## WHAT YOU ARE ASKED TO DO:
Filter these records by the string "dòng", copying each line that holds it.

## EXERCISE INPUT:
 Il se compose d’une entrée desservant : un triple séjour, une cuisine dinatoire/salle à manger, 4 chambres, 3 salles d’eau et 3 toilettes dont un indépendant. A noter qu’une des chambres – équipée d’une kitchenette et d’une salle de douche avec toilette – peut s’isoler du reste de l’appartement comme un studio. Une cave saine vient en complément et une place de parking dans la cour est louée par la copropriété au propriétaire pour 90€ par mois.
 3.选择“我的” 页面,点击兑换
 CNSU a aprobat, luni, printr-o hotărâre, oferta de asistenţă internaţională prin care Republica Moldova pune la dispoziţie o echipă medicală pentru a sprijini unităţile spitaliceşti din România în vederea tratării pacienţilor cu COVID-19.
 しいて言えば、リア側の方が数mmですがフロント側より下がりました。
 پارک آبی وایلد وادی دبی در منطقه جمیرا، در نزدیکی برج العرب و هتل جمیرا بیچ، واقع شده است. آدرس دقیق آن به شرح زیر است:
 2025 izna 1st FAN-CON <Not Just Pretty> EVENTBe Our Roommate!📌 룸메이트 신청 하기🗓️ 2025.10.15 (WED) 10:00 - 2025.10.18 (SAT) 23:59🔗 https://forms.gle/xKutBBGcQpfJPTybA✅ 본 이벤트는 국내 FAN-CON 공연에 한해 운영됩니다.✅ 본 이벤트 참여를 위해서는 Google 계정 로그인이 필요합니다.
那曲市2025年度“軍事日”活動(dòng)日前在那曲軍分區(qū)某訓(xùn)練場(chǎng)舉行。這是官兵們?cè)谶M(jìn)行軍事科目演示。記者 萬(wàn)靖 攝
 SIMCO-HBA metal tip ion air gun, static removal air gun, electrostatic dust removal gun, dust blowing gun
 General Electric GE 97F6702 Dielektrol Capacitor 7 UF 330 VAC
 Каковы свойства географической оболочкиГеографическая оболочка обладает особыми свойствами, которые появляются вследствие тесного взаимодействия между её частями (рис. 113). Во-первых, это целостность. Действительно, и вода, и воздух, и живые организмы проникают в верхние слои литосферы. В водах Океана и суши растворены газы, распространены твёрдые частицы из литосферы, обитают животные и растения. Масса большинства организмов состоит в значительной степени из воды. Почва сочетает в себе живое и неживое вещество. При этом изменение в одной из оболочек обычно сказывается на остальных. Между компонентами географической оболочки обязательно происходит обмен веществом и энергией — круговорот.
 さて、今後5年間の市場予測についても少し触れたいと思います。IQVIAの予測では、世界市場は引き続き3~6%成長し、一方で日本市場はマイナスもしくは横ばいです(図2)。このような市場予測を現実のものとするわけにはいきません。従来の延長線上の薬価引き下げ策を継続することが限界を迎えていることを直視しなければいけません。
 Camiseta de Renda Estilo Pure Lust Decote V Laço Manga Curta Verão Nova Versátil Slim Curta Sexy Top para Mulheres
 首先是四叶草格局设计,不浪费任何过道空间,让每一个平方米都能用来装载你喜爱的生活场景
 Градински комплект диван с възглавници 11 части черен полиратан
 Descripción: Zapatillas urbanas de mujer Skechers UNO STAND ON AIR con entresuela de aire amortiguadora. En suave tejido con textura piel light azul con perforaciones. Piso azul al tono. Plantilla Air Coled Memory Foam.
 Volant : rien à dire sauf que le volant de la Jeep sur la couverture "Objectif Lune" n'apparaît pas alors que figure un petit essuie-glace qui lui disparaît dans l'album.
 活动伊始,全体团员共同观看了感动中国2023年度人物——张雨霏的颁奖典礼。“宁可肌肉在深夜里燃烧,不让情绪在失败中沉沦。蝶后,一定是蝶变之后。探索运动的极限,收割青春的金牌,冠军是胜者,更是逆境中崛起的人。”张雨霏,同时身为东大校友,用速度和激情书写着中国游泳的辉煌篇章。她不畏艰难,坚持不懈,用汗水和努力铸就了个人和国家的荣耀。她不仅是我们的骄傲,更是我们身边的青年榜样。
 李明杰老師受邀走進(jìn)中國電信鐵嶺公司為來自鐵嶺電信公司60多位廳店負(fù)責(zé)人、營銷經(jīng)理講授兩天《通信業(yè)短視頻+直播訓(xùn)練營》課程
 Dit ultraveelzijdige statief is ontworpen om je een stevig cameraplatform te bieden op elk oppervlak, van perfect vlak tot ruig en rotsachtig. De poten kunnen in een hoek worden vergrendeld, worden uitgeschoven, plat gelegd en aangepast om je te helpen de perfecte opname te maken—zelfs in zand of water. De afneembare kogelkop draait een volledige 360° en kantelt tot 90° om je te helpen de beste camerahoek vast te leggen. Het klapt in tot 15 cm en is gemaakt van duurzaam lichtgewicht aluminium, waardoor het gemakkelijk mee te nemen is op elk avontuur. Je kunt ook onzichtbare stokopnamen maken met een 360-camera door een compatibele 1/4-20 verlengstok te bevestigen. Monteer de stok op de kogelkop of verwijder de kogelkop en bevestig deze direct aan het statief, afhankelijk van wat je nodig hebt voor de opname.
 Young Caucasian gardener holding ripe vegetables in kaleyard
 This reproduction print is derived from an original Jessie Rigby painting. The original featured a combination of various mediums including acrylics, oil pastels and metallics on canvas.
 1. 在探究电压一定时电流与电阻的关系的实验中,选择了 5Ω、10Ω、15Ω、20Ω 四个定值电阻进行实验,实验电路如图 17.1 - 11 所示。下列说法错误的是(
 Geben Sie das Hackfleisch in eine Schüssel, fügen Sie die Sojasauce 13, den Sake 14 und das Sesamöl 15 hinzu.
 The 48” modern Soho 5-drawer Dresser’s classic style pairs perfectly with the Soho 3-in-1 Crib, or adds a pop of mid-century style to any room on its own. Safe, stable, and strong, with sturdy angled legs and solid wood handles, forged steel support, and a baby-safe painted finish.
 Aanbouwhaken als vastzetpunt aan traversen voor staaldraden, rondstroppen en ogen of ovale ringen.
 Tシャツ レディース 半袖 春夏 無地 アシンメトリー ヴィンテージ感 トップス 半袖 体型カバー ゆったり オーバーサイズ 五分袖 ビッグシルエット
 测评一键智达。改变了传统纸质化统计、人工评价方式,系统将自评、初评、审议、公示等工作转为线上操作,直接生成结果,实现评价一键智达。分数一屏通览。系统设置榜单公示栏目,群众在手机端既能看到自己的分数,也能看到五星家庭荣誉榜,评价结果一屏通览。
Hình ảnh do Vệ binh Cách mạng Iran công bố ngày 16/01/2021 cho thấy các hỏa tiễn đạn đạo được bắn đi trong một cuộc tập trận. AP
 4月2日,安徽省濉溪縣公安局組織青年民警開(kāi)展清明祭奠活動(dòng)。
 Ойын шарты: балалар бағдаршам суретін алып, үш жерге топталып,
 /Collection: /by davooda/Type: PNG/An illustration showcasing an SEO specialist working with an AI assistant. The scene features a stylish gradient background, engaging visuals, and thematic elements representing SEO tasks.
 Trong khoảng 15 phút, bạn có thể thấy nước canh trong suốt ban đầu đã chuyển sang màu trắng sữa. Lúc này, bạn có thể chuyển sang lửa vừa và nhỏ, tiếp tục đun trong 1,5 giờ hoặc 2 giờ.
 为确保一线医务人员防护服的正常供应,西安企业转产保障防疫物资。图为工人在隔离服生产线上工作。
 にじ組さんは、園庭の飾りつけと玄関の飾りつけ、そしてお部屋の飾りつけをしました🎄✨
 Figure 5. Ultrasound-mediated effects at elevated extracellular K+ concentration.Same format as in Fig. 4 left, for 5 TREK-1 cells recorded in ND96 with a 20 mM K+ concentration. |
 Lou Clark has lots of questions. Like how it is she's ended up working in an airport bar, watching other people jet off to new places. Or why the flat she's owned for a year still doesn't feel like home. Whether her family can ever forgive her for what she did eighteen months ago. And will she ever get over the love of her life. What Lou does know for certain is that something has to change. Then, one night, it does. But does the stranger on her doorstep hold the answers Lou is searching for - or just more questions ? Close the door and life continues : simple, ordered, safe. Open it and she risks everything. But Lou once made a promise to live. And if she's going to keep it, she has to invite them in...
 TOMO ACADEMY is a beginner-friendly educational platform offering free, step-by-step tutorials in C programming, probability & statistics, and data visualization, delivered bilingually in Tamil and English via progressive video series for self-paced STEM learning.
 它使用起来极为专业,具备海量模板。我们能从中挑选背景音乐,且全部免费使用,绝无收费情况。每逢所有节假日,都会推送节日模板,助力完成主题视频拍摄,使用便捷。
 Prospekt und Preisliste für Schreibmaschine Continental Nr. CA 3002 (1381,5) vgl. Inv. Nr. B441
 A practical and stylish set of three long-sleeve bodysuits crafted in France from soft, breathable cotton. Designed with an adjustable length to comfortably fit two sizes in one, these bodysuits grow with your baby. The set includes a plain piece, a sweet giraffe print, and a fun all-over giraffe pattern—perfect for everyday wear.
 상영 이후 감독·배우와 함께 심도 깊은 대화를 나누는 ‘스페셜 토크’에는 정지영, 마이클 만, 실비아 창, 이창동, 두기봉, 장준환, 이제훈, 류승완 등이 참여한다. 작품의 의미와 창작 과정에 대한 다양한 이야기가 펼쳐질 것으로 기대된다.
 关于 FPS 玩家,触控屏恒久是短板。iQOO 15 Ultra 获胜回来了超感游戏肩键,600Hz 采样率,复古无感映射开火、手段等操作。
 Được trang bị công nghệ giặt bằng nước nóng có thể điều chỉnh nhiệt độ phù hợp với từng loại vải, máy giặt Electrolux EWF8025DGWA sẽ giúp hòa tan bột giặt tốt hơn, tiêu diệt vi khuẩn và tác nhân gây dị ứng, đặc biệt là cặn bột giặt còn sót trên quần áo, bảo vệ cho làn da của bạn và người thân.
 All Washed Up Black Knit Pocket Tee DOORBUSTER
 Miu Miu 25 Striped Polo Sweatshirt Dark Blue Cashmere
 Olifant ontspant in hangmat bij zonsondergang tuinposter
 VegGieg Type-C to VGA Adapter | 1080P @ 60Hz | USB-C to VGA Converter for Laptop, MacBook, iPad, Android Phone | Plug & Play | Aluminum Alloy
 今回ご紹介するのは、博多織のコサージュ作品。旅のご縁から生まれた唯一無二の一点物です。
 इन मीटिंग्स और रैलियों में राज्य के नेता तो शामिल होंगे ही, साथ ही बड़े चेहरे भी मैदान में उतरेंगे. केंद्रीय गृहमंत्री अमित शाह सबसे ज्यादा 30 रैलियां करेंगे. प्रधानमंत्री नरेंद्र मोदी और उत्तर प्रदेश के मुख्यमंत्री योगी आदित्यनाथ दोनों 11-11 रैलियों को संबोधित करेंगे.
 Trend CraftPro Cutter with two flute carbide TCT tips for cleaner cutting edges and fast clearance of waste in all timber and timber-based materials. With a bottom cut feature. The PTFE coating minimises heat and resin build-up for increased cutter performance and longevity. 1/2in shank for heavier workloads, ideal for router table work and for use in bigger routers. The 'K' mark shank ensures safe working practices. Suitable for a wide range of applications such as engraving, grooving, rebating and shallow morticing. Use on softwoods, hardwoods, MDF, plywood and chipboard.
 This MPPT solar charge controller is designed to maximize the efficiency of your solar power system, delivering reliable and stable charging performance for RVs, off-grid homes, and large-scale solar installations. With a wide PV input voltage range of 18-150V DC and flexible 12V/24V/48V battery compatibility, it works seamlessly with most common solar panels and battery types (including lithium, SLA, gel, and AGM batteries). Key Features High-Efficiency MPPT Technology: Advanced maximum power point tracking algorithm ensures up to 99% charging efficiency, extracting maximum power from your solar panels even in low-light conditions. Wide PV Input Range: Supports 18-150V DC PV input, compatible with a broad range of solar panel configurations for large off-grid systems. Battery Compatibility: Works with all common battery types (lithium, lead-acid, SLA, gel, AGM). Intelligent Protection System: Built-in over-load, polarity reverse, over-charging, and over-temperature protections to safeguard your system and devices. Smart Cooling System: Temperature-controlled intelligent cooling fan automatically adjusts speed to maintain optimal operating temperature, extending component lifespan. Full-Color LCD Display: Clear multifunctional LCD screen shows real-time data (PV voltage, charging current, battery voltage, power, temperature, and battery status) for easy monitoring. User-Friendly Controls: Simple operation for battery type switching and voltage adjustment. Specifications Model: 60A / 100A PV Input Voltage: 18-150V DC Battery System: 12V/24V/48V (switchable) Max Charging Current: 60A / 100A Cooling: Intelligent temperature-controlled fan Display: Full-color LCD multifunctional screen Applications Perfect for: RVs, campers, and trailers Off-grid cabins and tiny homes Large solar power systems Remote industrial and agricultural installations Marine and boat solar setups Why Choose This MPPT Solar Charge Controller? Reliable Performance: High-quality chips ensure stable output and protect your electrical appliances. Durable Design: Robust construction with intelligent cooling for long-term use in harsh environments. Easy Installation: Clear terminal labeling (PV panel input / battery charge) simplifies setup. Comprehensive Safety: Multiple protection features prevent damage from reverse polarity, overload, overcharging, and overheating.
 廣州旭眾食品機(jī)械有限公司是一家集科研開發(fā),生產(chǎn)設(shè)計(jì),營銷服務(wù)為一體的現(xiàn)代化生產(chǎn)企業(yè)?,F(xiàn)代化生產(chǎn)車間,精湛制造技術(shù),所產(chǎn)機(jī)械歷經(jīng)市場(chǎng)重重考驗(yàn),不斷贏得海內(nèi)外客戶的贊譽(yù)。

## RESPONSE TO THIS TASK:
那曲市2025年度“軍事日”活動(dòng)日前在那曲軍分區(qū)某訓(xùn)練場(chǎng)舉行。這是官兵們?cè)谶M(jìn)行軍事科目演示。記者 萬(wàn)靖 攝
 4月2日,安徽省濉溪縣公安局組織青年民警開(kāi)展清明祭奠活動(dòng)。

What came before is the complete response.